Cooking and Hydration Gear
We made the decision (actually, my wife decided and, being a good husband, I agreed) that we will cook meals every day. It was also decided that I would do all the water hauling, food organizing, food carrying, and cooking. As I recall, we each had a vote, but mine didn’t count in the final tally.
I used to carry a multi-fuel stove before falling in love with the Biolite, but it’s not practical to carry three-plus pounds of stove. We still splurge, with me carrying a JetBoil for cooking. We start every day with a minimum of hot coffee and have a hot supper before bed every day. It’s the little things that cost weight and time that make a trail marriage work. There’s no limit to how much it costs me to keep my Bunny happy.
Many people still don’t filter water on long-distance trails. We call them sick a lot of the time. Actually, it’s possible to not filter and do fine. I just don’t like the risk when a Sawyer water filter is so inexpensive and lightweight. When we were in France, Bunny and I always filtered and the French never filtered. I saw many people drinking from streams running through fields of livestock. I didn’t hear of anyone getting sick.
Last, But not Least, Electronics
Smart phones have probably had the biggest impact on trail life. I seriously question whether kids 25 and under even have internal voices. The range of distraction they provide to younger people who have never not had them in their lives is staggering. One of the things I like about backpacking is the freedom to disconnect and get away. I hate cell phones with a passion. That’s why I don’t have one.
Only my wife carries a cell phone. I try to borrow it every now and then to study Guthook. It is an indispensable part of trail life, having replaced maps and guidebooks. It’s unimaginable to think of going into a town and not having reservations for a place to stay, all worked out ahead of time.
I wish I could say I was electronic free but I suppose I should be honest here. I carry an iPad mini for my blogging and a digital camera (I don’t care what anyone says, iPhones cameras are not good for less than ideal situations). Bunny carries the hated iPhone, as well as a camera, an iPad mini for photo editing, and an InReach tracking device. We each carry power bricks. God help us if our electronics die before town.
In the two years we have been backpacking full-time, I have made a conscious decision to not listen to anything other than nature while walking. It’s the only guideline I have strictly adhered to. I said I wasn’t drinking sodas or eating ice cream. Both of those resolutions failed at the first road crossing we came to, but I will not plug into my ears until I thoroughly hate listening to myself. Wait a minute, I’ve always hated listening to my inner voice. I’m just not going to miss out on trying to shut my inner voice up. Om Padme mani hum—until I am one with nothingness…

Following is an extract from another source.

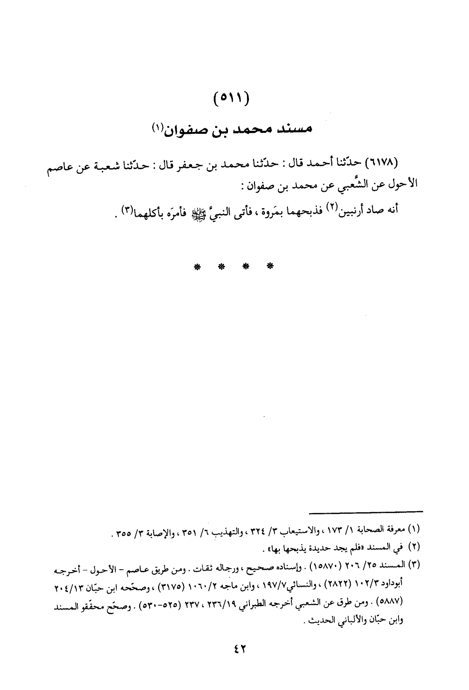 (٦١٧٨) حدّثنا أحمد قال: حدّثنا محمد بن جعفر قال: حدّثنا شعبة عن عاصم الأحول عن الشَّعبي عن محمد بن صفوان:
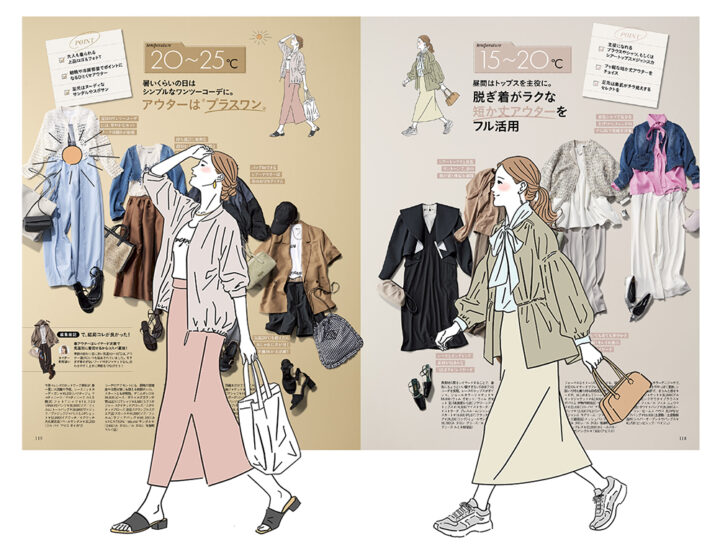 編集様からは各気温別にアイテム例をいただきましたが、それを参考にしながら基本的にこちらでご提案させていただき、ほぼ修正なくご納品できました。

The Evolution of Ultralight
Daniel Boone was the first ultralight hiker. He carried a long rifle and a Bowie knife (long before David Bowie was even a gleam in his father’s eye). Everything else was a luxury. If he wanted a bed, he’d shoot a bear, build a fire, cook it, and sleep in the fur. He didn’t mess with TP. Real men use their hands for everything (or find a rabbit; he was the original ad man for Angel Soft).
By Mr. Boone’s standards, today’s ultralighters live a luxurious life on the trail. By an ex-cheerleader’s standards, “Oh, hell no.” We cut where we can but generally carry way more than we need to survive. We both carry Therm-a-Rest pillows and Gossamer Gear Chrome Dome umbrellas; right there is an extra pound each. Because this is our chosen life not just for a single thru-hike, but for multiple years of backpacking, we do not want our experience to be about sacrifice or speed. More power to the speedy ultralighters. We are too stupid and old to go fast. Wave to us as you pass.